In the early experiments it looked like the virus called VP882 was doing something that should be impossible for a thing that is not a bacterium, and not technically even alive: intercepting molecular messages exchanged by its host bacteria, and reading them to determine the best time to annihilate the whole bacterial colony. “As scientists, this is just unimaginable to us,” says Bonnie Bassler, a molecular biologist at Princeton University. “We were delighted and skeptical at the same time. It was almost too good to be true.”
Not only did it turn out to be true for VP882; Bassler learned there is a family of bacteria-infecting viruses (a subgroup of a kind called bacteriophages, or just “phages”) that eavesdrop on their hosts’ routine molecular communications with other bacteria. That means VP882’s kill trigger could be easily manipulated to target any bacteria, Bassler says—opening the possibility that the virus could be engineered into an ideal killing machine for dangerous pathogens.
In 2009 scientists in Taiwan first found VP882 in a bacterium related to cholera. The bacterium “probably made someone sick,” Bassler says, and in investigating the illness, “researchers came across the virus. They sequenced it and dropped it in a [DNA] repository.” When Bassler’s graduate student Justin Silpe came across the virus in that database, he had been looking for a gene that encodes a receptor for a particular molecule called DPO. Cholera and related bacteria utilize this molecule for something called “quorum sensing”—a kind of chemical “speech” that bacteria use to figure out how many of their own kind are nearby.
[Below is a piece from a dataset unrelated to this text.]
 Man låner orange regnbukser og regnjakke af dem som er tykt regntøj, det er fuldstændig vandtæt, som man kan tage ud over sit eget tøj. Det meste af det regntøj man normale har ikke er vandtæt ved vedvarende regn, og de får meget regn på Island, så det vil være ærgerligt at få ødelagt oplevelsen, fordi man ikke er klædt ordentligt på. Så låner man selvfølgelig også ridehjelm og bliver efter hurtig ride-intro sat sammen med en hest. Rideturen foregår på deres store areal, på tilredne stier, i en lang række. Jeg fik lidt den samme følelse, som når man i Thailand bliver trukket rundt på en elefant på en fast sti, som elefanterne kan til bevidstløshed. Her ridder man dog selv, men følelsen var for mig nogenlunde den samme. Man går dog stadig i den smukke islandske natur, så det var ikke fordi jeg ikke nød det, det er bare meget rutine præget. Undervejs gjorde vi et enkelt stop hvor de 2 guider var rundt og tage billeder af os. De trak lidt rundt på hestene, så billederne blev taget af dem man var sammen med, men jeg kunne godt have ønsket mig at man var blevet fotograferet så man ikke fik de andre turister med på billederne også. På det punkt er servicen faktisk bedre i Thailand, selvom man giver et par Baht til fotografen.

When a host detects a high concentration of quorum-sensing molecules in its environment, it is as if the bacteria are hearing a high volume of chatter in a room. “This tells them they have enough neighbors around to do collective behavior”—such as causing disease—Bassler says. She and Silpe had hoped to find the DPO receptor in other kinds of bacteria than cholera. Instead, it showed up in VP882. “Quorum sensing is supposed to be about bacteria. But here it was on a viral genome,” she notes. “We were like, ‘What is that virus doing?’”
When they conducted experiments with VP882, Silpe noticed that when it was in a cholera colony without DPO, the phage and the bacteria coexisted peacefully. But “we clearly noticed that where we added DPO, the cells died,” he says. “That was a clear indication the phage was killing them.” To confirm the quorum-sensing signal was indeed the kill trigger, Silpe mutated the DPO receptor on VP882—and showed the mutated phages did not kill.
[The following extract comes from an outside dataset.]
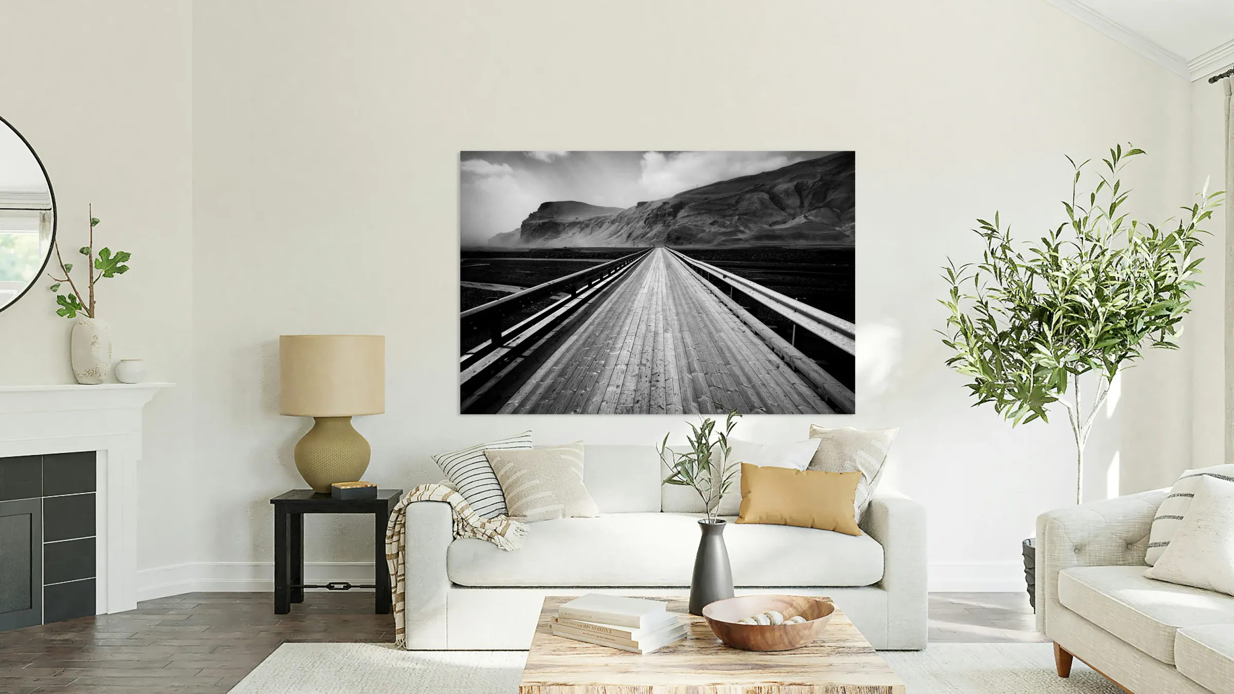 A monochrome photograph capturing the road leading to the Icelandic town of Vik with a wooden bridge crossing a remote landscape in southern Iceland. The quiet open road and simple bridge stand out against the stark black-and-white backdrop highlighting the vastness of the surrounding terrain. A perfect photograph for those drawn to minimalism isolation or the raw beauty of Icelands landscapes.

This told the duo the virus tunes into the quorum-sensing information and uses it to figure out how many potential victims are around. If the virus senses enough DPO, it means a buffet is nearby; that signals VP882 to start destroying its host bacterium and sending copies of itself careening into the colony. Otherwise VP882 lies quietly and waits for the bacteria to reproduce. “It’s a wonderful and insidious strategy,” Bassler says. “It allows the phage to optimally find its next victim.” The team published their results in Cell Thursday.